If you do photography to make a living, you obviously have to balance investments intomequipment to the value that that equipment can bring to you. The price difference between the 1.2 and 1.4 is almost 1000$, so quite considerable.
There is quite some debate on this and other forums if people actually like the look of the 1.2 better than that of the 1.4. It's a matter of personal taste ofcourse. 

BTW: Lensrentals did a nice 50mm shootout that shows that the sharpness of the 1.4 is very comparable to that of the 1.2: http://www.lensrentals.com/blog/2012/01/the-great-50mm-shootout


----------



## DRR (Aug 18, 2013)

Price aside - the 1.4 has a number of other advantages also.

Weight, for one, it's more than twice as light as the 50L 1.2. Smaller also.

The 50L has all that big beautiful glass, but that heavy glass has another disadvantage - it's a little slower to focus.

Of course the 50L is 4x more expensive too, so there is that as well. But it's got that dreamy 1.2 vs the 1.4 of the smaller 50. 

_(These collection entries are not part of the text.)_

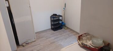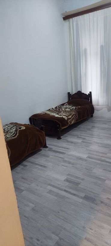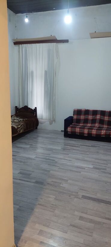 - Geniş, işıqlı zal/otaq: laminat döşəmə, pəncərədə nazik pərdə, tavan işıqları. Otaqda divan və tək nəfərlik çarpayı mövcuddur.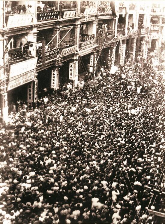 1922年3月,香港海员大罢工胜利,数万群众聚集在工会会所(德辅道中137号3楼)前围观港英当局把工会招牌挂上的热闹场面 香港海员工会供图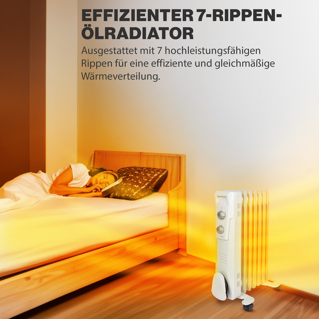 7žebrový olejový radiátor od značky Clatronic se skvěle hodí pro vytápění například kanceláří, ložnic, obývacích pokojů a dalších místností. Jeho výkon dosahuje až 1 500 W. Výkon lze nastavit ve 3 krocích (600/900/1500 W) podle individuální potřeby. Nastavení požadované teploty se provádí plynule nastavitelným termostatem.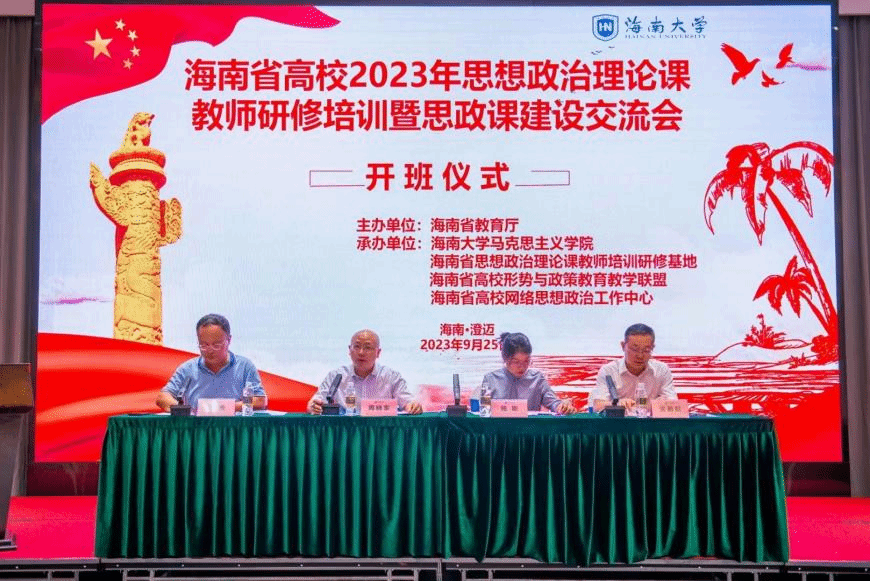 9月25日上午,海南省高校2023思想政治理论课教师研修培训开班仪式顺利举行,海南省教育厅党委办公室主任周晓东、永利集团88304官网副院长(主持工作)杨娜、永利集团88304官网副院长王善、吴朝阳等出席开班仪式。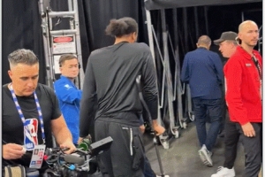 摩西·穆迪拄拐现身快船主场观战 赛前和球迷打招呼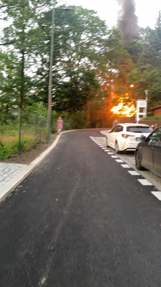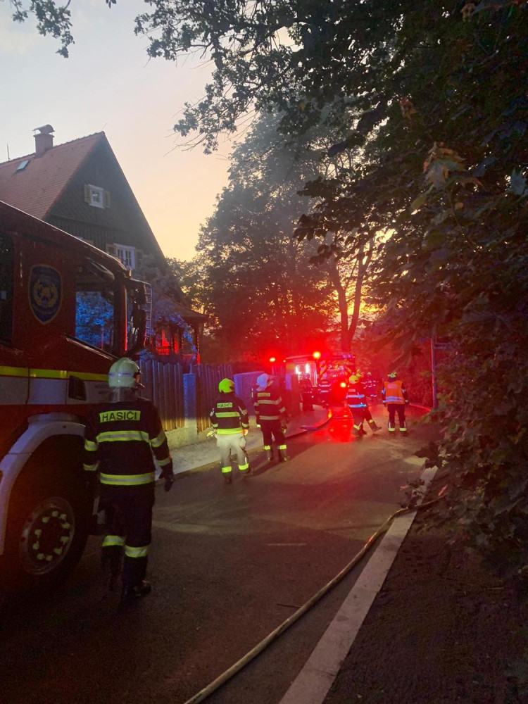Požár v Liberci. Hořelo v areálu bývalých skokanských můstků nedaleko Masarykovy ulice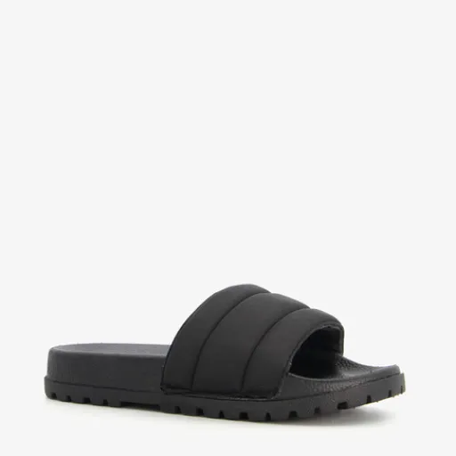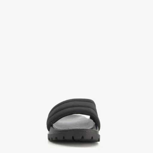 Zwarte badslippers voor dames. Voorzien van een brede band bij de tenen gemaakt van textiel en een stevige zool met profiel van rubber.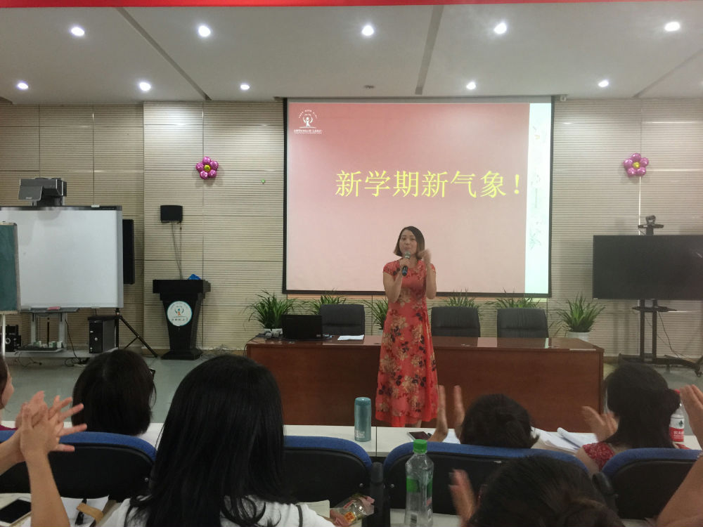 开会啦!三十多位满怀教育理想的新教师一一做了简短的交流,让我们很快熟悉这些新面孔。交流结束后,廖敏主任宣布了新学年的人事安排,让大家熟知自己团队的成员,以便携手并肩前行。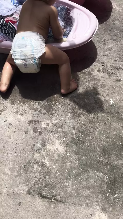 Sarah entrando na bacia de roupa.#trigemeos #maedetrigemeos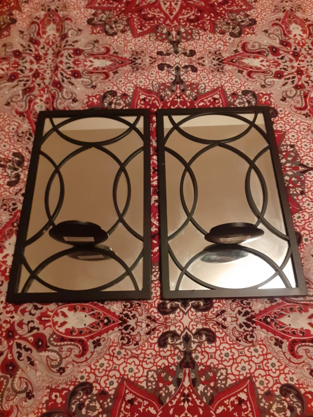 These wall sconces feature mirrored backs with a decorative black metal frame. They include a candle holder. Perfect for adding a touch of elegance to any room! 15 each
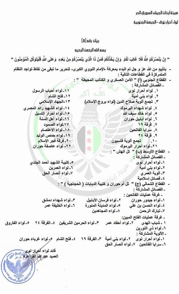 إعلان إطلاق معركة الإمام النووي الكبرى من قبل لواء أحرار نوى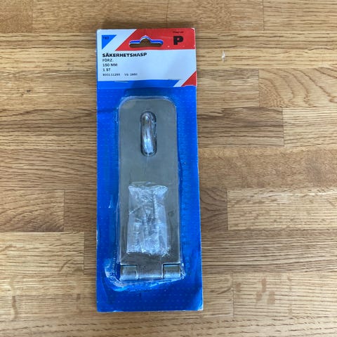 Bårebo haspar, 2 st 80 mm + 1 st 100 mm blankförzinkade. Levereras med tillhörande ögelskruvar för montering, lämplig för exempelvis dörrar, grindar eller luckor där enkel mekanisk förregling önskas.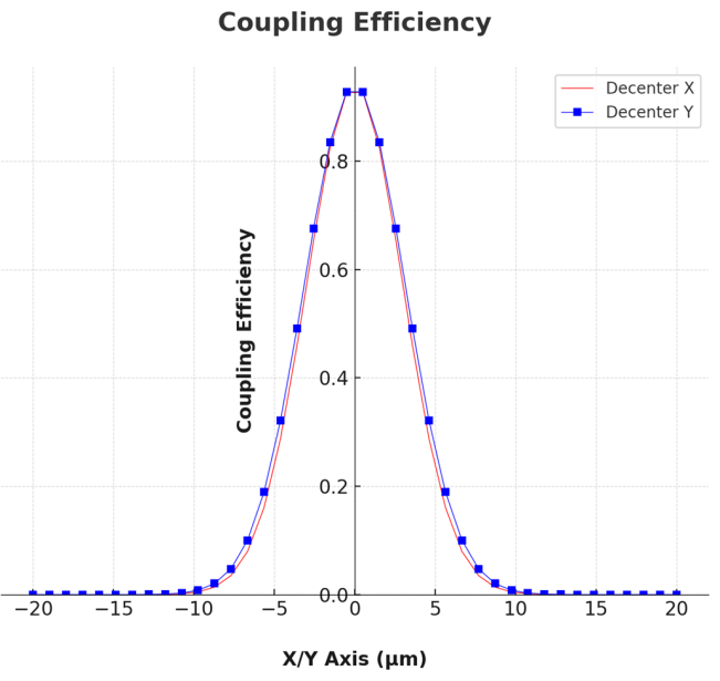 The simulation data depicted in Figure 13 presents the calculated coupling efficiencies as a function of lateral misalignment in both the X and Y axes. The peak coupling efficiency is observed at the center of the optical axis, sharply decreasing as the lateral misalignment increases. The maximum coupling efficiency, 94%, signifies an excellent concentration of optical power in the waveguide. The Decenter X and Decenter Y lines follow a similar trend, suggesting a symmetric response to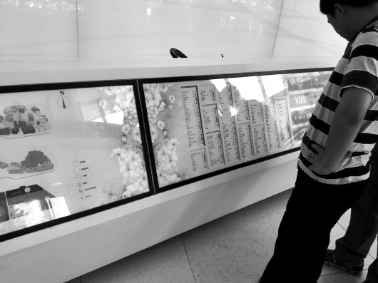 泉城路某商场,消费者正在导购台前,查找要去吃饭的餐厅。 本报记者 任磊磊 摄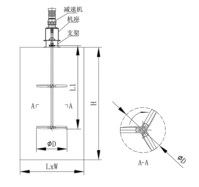 ● 攪拌軸材質可根據污水選擇碳鋼玻璃鋼防腐、304攪拌軸。

Nothing wrong with either. I think many people look at it in a linear fashion - L > non-L, but you shouldn't look at it like that. They are two similar, but also very different tools, you need to pick the right tool for the job. Wedding photography is run and gun, a split second can be the difference between getting the shot and having it come out soft. In a case like that I honestly would choose the 1.4 every time. Also you're on your feet and carrying gear so the weight is a huge advantage also. For more posed photography, studio work, etc, the 50L would be the best choice. L glass isn't always the best option just because it's the most expensive one. Right tool for the right job.


----------



## jdramirez (Aug 18, 2013)

I've had this conversation a few times... I don't see a value in it, but I don't have unlimited funds.


----------



## Dylan777 (Aug 18, 2013)

Why do we want f1ish prime? For me, be able to shoot at wide open or near wide open. Photo below was shot with 50L + 5D III - jpeg, straight out from camera. only resized to post here. 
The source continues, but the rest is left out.